# 새삼스럽다



## vientito

The definition of this is quite elusive to me.  Here is the way Naver has it:

1. 이미 알고 있는 사실에 대하여 느껴지는 감정이 갑자기 새로운 데가 있다.
2. 하지 않던 일을 이제 와서 하는 것이 보기에 두드러진 데가 있다.

Bearing this definition in mind and looking at one of the examples i came across recently there seems to be some subtle difference in practice.  Here is the excerpt i came across recently:
http://instaud.io/yPg

아 시드니 잘 도착했다고?  아이구 새삼스럽게 그런 걸 다 보고하고 뭣이라?

The scene is of a lady who answered a phone and the above is the opening chitchat.

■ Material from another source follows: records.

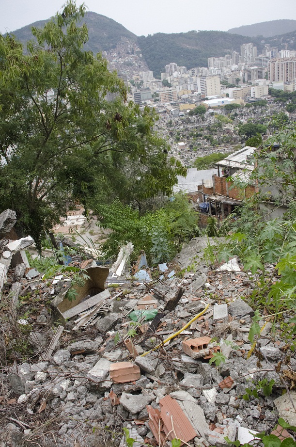Ela conta que muitos moradores aceitaram sair, pois acreditaram que estavam em perigo. “Essa foi a estratégia que o prefeito usou para retirar 250 famílias daqui do morro. Enganados e sem esperança, muitos foram para a Baixada Fluminense, Nova Iguaçu, Triagem… Não são poucos os que retornam e choram sobre os entulhos de suas casas. O que foi feito aqui foi uma grande covardia”, desabafa.
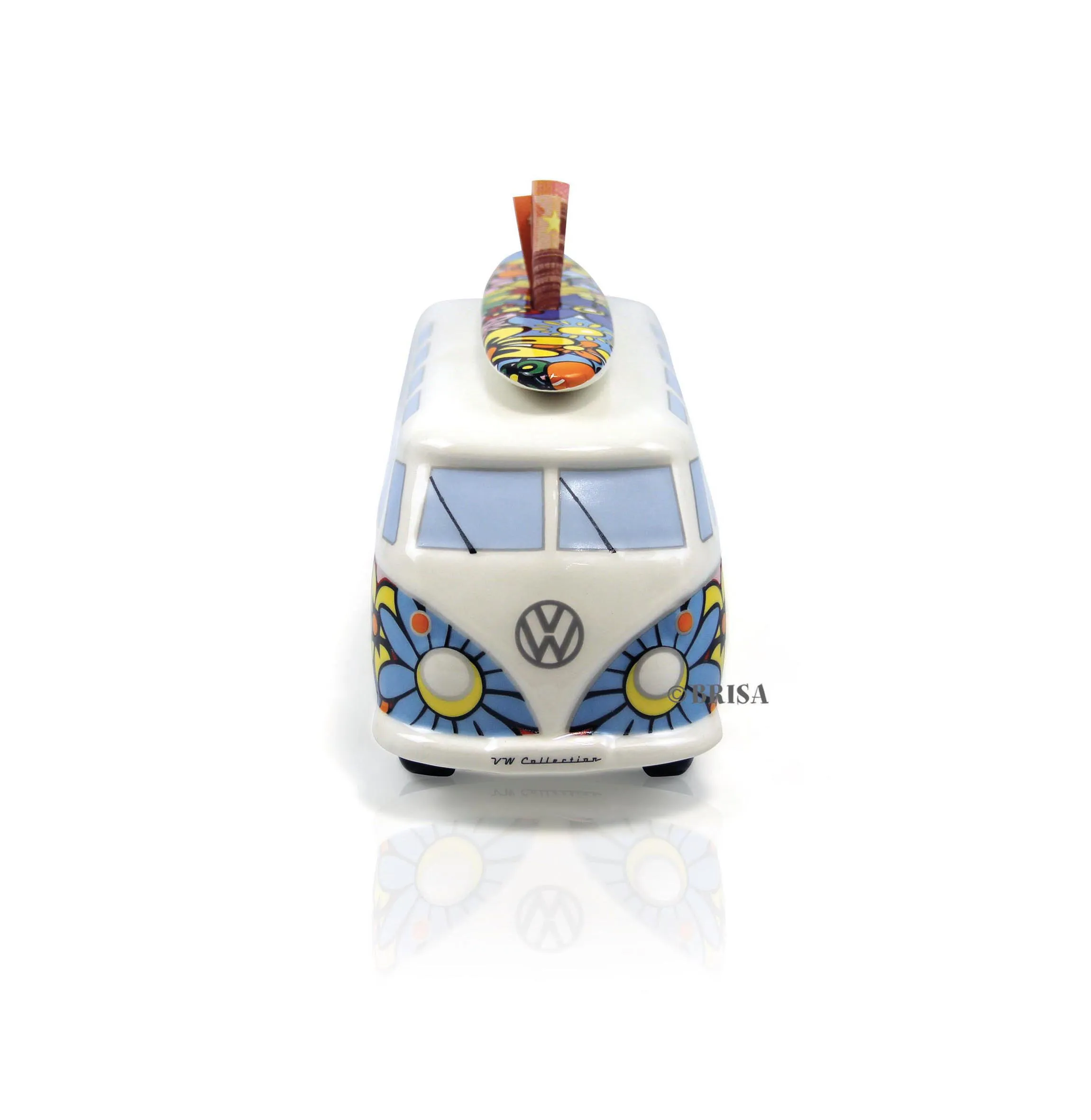 Jeder VW Bus ist ein kleines Unikat, weil die detailgetreue Bemalung mit großer Sorgfalt erfolgt. Auf dem Dach befindet sich ein Surfbrett in Wagenfarbe, das nicht nur optisch überzeugt, sondern auch als Münzschlitz dient. Dadurch verbinden sich Design und Funktion sinnvoll. Auf der Unterseite sorgt ein Gummipfropfen für bequemes Entnehmen des Geldes, sodass Sie jederzeit Zugriff haben. Da kein Hammer notwendig ist, bleibt die Spardose dauerhaft nutzbar und begleitet Sie über viele Jahre.
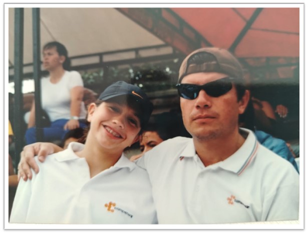 Sara y Laura listas.  Como fue tradicional durante estos años, de papá encargado y entrenador orgulloso.
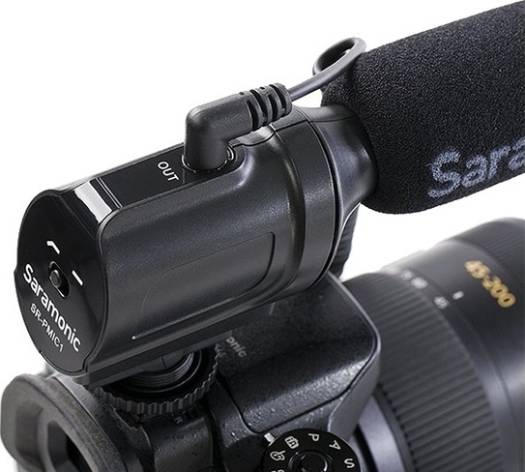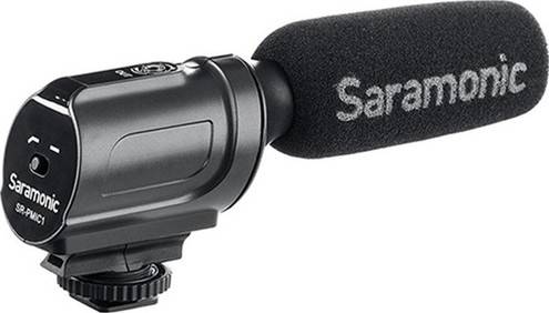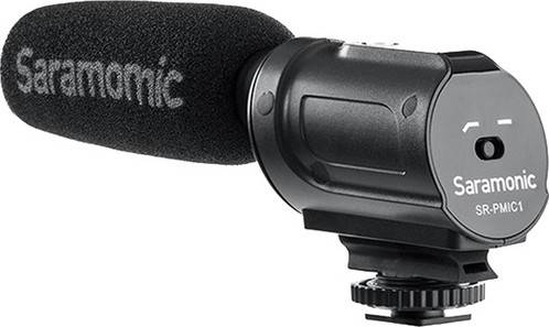 The Saramonic SR-PMIC1 is a lightweight super-cardioid condenser microphone that records high-quality audio to your DSLR cameras and camcorders. The SR-PMIC1 allows you to adjust the low-cut filter (100Hz) to increase the intelligibility of dialogue. The cold shoe mount allows you to mount the microphone to a camera or audio mixer. Features: Super-Cardioid Unidirectional Microphone Battery-Free Operation Switchable Low-Cut Filter at 100 Hz Integrated Rubber Shock Foam windscreen included
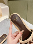 FENDI SIGNATURE MULE SLIDES IN BEIGE FIBRE WITH BROWN EMBROIDERED LOGO
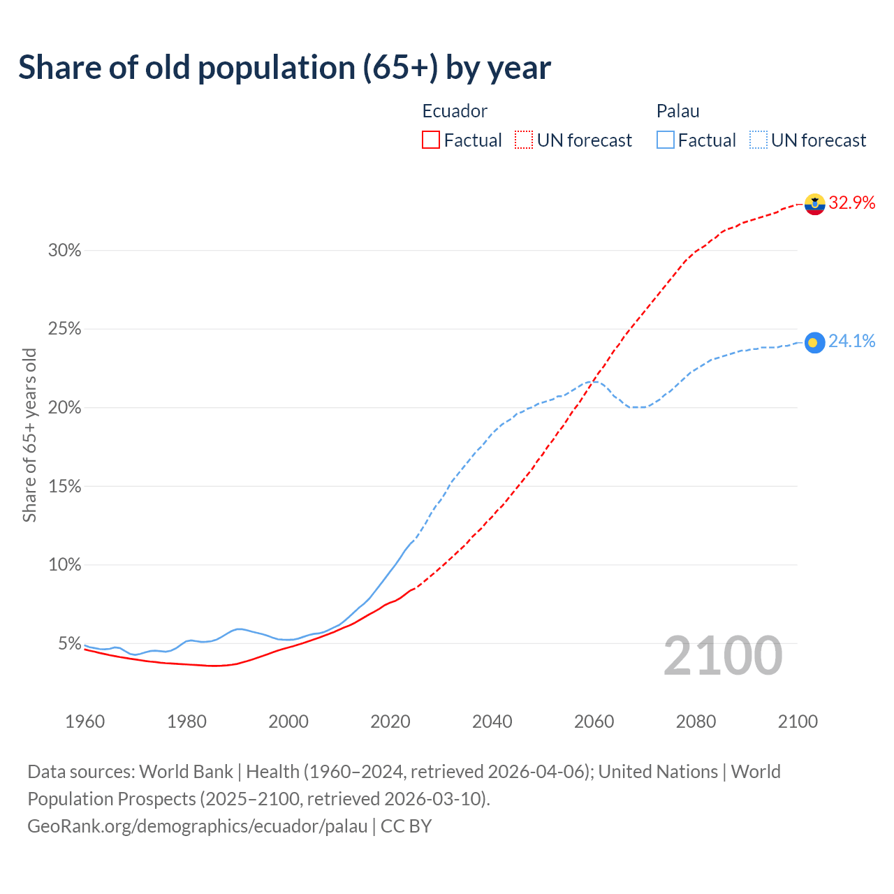The share of older people aged 65 and over is 8.34% in Ecuador and 11.3% in Palau. Life expectancy in Ecuador compared to Palau .
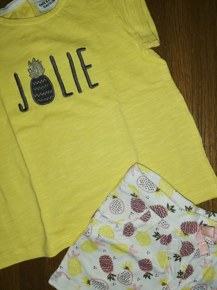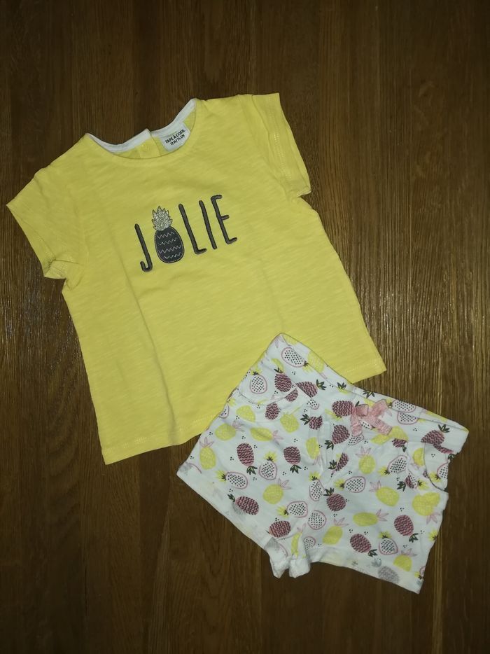 Lot tee-shirt manche courte + short léger. Marque tape à l'oeil. Taille 12 mois.

From the context, it seems that the usage above fits the second definition from Naver but i am thinking if it would just as simple to replace it with 또 or 다시 .  However there seems like a more subtle and nuanced idea behind the use of 새삼스럽다.  It feels more in line with déjà vu where there is an uncanny similarity of something happened in the past and the present.  Am i on the right track of interpretation, that the lady has similar experience that in the past the person would call her to tell her every little detail?


----------



## mink-shin

Hi, Vientito.

I hear her saying _"아, 시드니 잘 도착했다고? 히힛 아이구 새삼스럽게 그런 걸 다 보고하고 *그러시나*?"_



vientito said:


> From the context, it seems that the usage above fits the second definition from Naver but i am thinking if it would just as simple to replace it with 또 or 다시 .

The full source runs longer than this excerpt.